Hi Patrik- I followed the instructions and was able to use my internet explorer again. However, I cannot open many programs/applications on my comp anymore- itunes, Microsoft Word, Excel, media player, etc. Any tips?
I tried doing step one but I keep getting messages saying “cannot import C:\Documents and Settings\Regina’s\Desktop\fix.reg:Error accessing the registry
What should I do?
I got this virus and it p.o.ed me a lot!! I asked some friends at school about it and they reformatted their computers. I am glad I found this site! thank you so much.

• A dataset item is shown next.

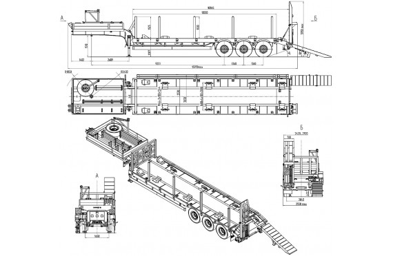 47000 кг, шины 445/65R22.5 или 395/85R20 / 6+1, платформа 9300 (10300 до трапов) x 2500 с уширителями до 3000 мм, механические трапы, пневматическая подвеска, съемные стойки 1500 мм

This doesnt work for me. This XP Guardian is on my daughters laptop and has stopped me from accessing the internet or accessing add/remove programs. I follow the instructions above and when i click on fix.reg all that happens is notepad opens back up with what i just typed. Nothing happens even after the reboot. HELP!!!
If I just do a system restore, will it get removed?
because thats what i did and so far its gone
funny how this virus blocks all exe files and does not allow any antivirus to run or remove it. yet it allows pc doctor to be installed and if you pay to reg pc doctor it will remove it. Stop praising pc doctor people, they are surely the ones who created this virus to begin with. think about it, its the only program allowed to run without modifiying anything first.
Thank you SO SO much for posting this! I read so many guides for removal, and this is the one that actually worked and properly got rid of the virus! Now I can get on with my day!